Clint Hill leaped onto the back of presidential limo after first shot rang out in Dallas
By Newser Editors and Wire Services
Posted Feb 24, 2025 2:46 PM CST
Secret Service Agent Who Tried to Save JFK Dies
Clint Hill speaks to the media after he laid a wreath on the JFK Tribute outside the Hilton Hotel on Friday, Nov. 22, 2013.   (Joyce Marshall/Star-Telegram via AP)

Clint Hill, the Secret Service agent who leaped onto the back of John F. Kennedy's limousine after the president was shot, then was forced to retire early because he remained haunted by memories of the assassination, has died. He was 93. Hill died Friday at his home in Belvedere, California, according to his publisher, Gallery Books. A cause of death was not given. Although few may recognize his name, the footage of Hill, captured on Abraham Zapruder's chilling home movie of the assassination, provided some of the most indelible images of Kennedy's assassination in Dallas on Nov. 22, 1963, the AP reports. More footage showing Hill's actions emerged last year.

  • Hill received Secret Service awards and was promoted for his actions that day, but for decades blamed himself for Kennedy's death, saying he didn't react quickly enough and would gladly have given his life to save the president.

  • "If I had reacted just a little bit quicker. And I could have, I guess," a weeping Hill told Mike Wallace on CBS' 60 Minutes in 1975, shortly after he retired at age 43 at the urging of his doctors. "And I'll live with that to my grave." It was only in recent years that Hill said he was able to finally start putting the assassination behind him and accept what happened.
  • On the day of the assassination, Hill was assigned to protect first lady Jacqueline Kennedy, and was riding on the left running board of the follow-up car directly behind the presidential limousine as it made its way through Dealey Plaza. Hill told the Warren Commission that he reacted after hearing a shot and seeing the president slump in his seat. The president was struck by a fatal headshot before Hill was able to make it to the limousine.

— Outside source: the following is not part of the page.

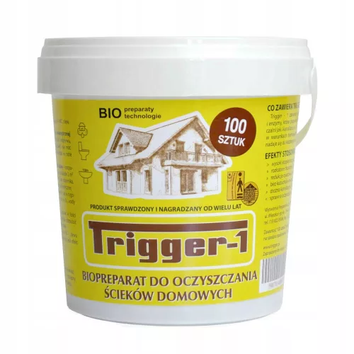 TRIGGER - 1 zawiera enzymy i bakterie rozkładające zanieczyszczenia organiczne w ściekach (odchody, papier, resztki roślinne, tłuszcze) oraz substancje ułatwiające biodegradację środków piorących i myjących.

  • Zapruder's film captured Hill as he leaped from the Secret Service car, grabbed a handle on the limousine's trunk and pulled himself onto it as the driver accelerated. He forced Mrs. Kennedy, who had crawled onto the trunk, back into her seat as the limousine sped off.
  • Hill grew up in North Dakota. He served in the Army and worked as a railroad agent before joining the Secret Service in 1958. After the assassination, he became the agent in charge of the White House protective detail and eventually an assistant director of the Secret Service, retiring because of what he characterized as deep depression and recurring memories of the assassination.